### Walkthrough of the SpSSIM Analysis & Python Script
**Jessica Embury, San Diego State University, Fall 2022**

Reference Literature: *Jin, C., Nara, A., Yang, J.-A., Tsou, M.-H. (2020). Similarity measurement on human mobility data with spatially weighted structural similarity index (SpSSIM). Transactions in GIS, 24, 104-122. [https://doi.org/10.1111/tgis.12590](https://doi.org/10.1111/tgis.12590)*

#### Explanation of Python files
- *util.py*: general functions that support the analysis, but are not specific to it
- *matrixes.py*: functions for the generation of analysis matrixes (flow probabilities, weights)
- *analysis.py*: functions for calculation of SpSSIM values
- *main.py*: file path variables and script to run the analysis

#### 1. Create a distance matrix with a row and column for every Census Block Group (CBG).
Each value is the distance between the row CBG and the column CBG in kilometers (km).
**Note:** This function uses a cross join and takes a long time to run!

In [16]:
import pandas as pd
from matrixes import create_distance_matrix

cbg_shapefile = './data/source_data/CENSUS_BLOCKGROUPTIGER2010/CENSUS_BLOCKGROUPTIGER2010.shp'
bg_csv = '/data/source_data/cbgs_2019.csv'
distance_matrix_csv = './data/cbg_distance_matrix.csv'

distance_matrix = create_distance_matrix(cbg_shapefile, bg_csv, distance_matrix_csv)
distance_matrix.head(3)

Unnamed: 0,cbg_orig,60730001001,60730001002,60730002011,60730002021,60730002022,60730002023,60730003001,60730003002,60730003003,...,60730216002,60730218001,60730218002,60730219001,60730219002,60730220001,60730220002,60730221001,60730221002,60730221003
0,60730001001,0.0,0.0,0.0,0.4,0.0,0.5,0.9,1.4,1.7,...,7.4,6.6,5.6,8.9,9.3,10.6,11.3,40.9,40.0,38.6
1,60730001002,0.0,0.0,0.3,0.3,0.0,0.5,1.2,1.6,1.9,...,7.1,6.2,5.2,8.7,9.2,10.6,11.4,41.0,40.1,38.7
2,60730002011,0.0,0.3,0.0,0.1,0.0,0.0,0.1,0.5,0.8,...,7.5,6.8,5.7,8.5,8.8,9.9,10.6,41.3,40.4,39.1


#### 2. Download Origin-Destination (O-D) data and save as .CSV files.
These tables have a record for each origin, destination, and mobility value (e.g., job, device count). Below is a sample of the LODES 2019 O-D table.

In [23]:
od_table_csv = './data/source_data/lodes_od_2019.csv'
od_df = pd.read_csv(od_table_csv)
print('The LODES 2019 O-D table has {} rows.'.format(len(lodes_od_df)))
od_df.head(3)

The LODES 2019 O-D table has 428273 rows.

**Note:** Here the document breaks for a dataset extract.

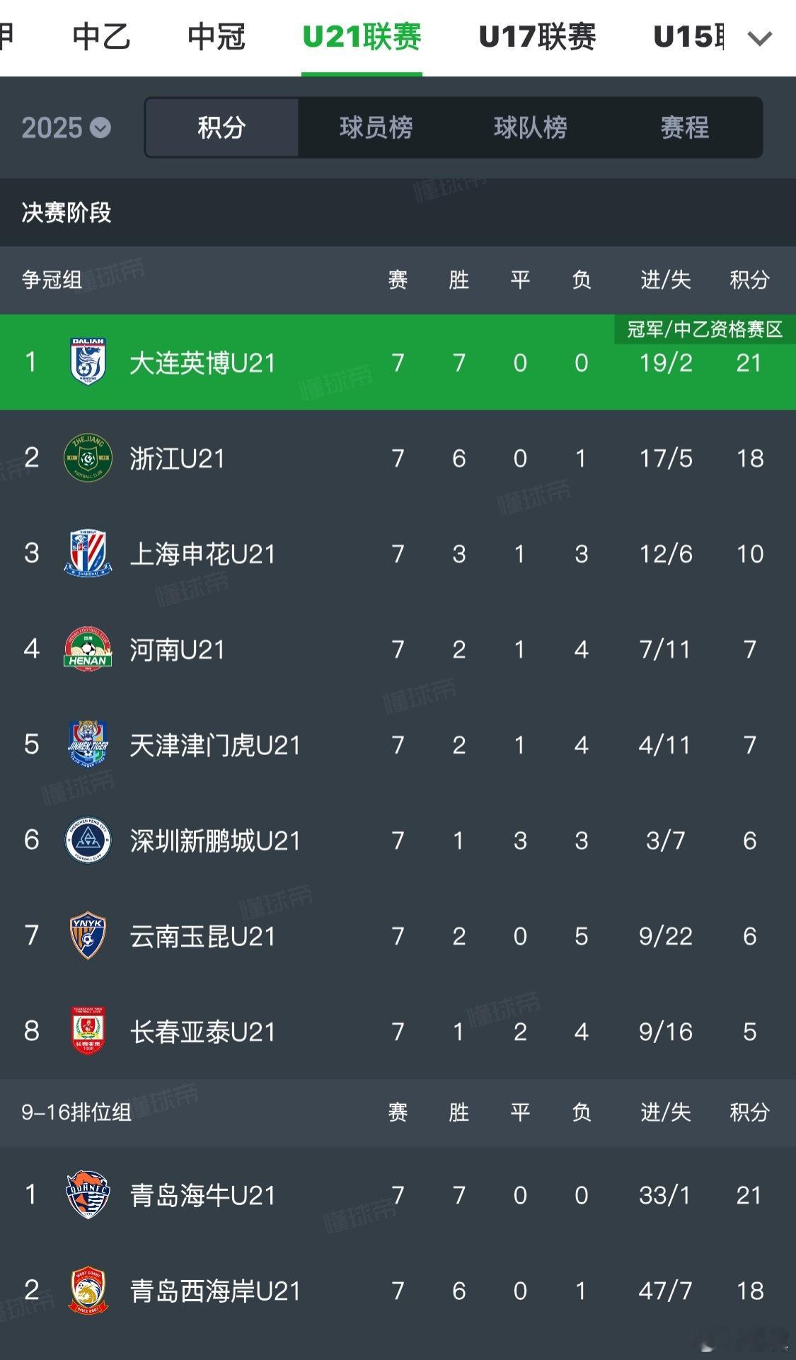 又一年的U21联赛结束了。u21联赛上海申花

Unnamed: 0,cbg_orig,cbg_dest,num_jobs
0,60730001001,60730001001,3
1,60730001001,60730001002,12
2,60730001001,60730002011,2


#### 3. Convert the O-D table into an O-D matrix with one row for each origin CBG and one column for each destination CBG.

In [17]:
from matrixes import odtable2matrix

od_raw_matrix_csv = './data/raw_matrix/sd_lodes_2019_raw_matrix.csv'
od_matrix = odtable2matrix(od_table_csv, od_raw_matrix_csv, 'cbg_orig', 'cbg_dest', 'num_jobs')
od_matrix.head(3)

./data/source_data/lodes_od_2019.csv
O-D table has 428273 rows.
Pivot table has 1794 rows and 1794 columns. 0 differences: []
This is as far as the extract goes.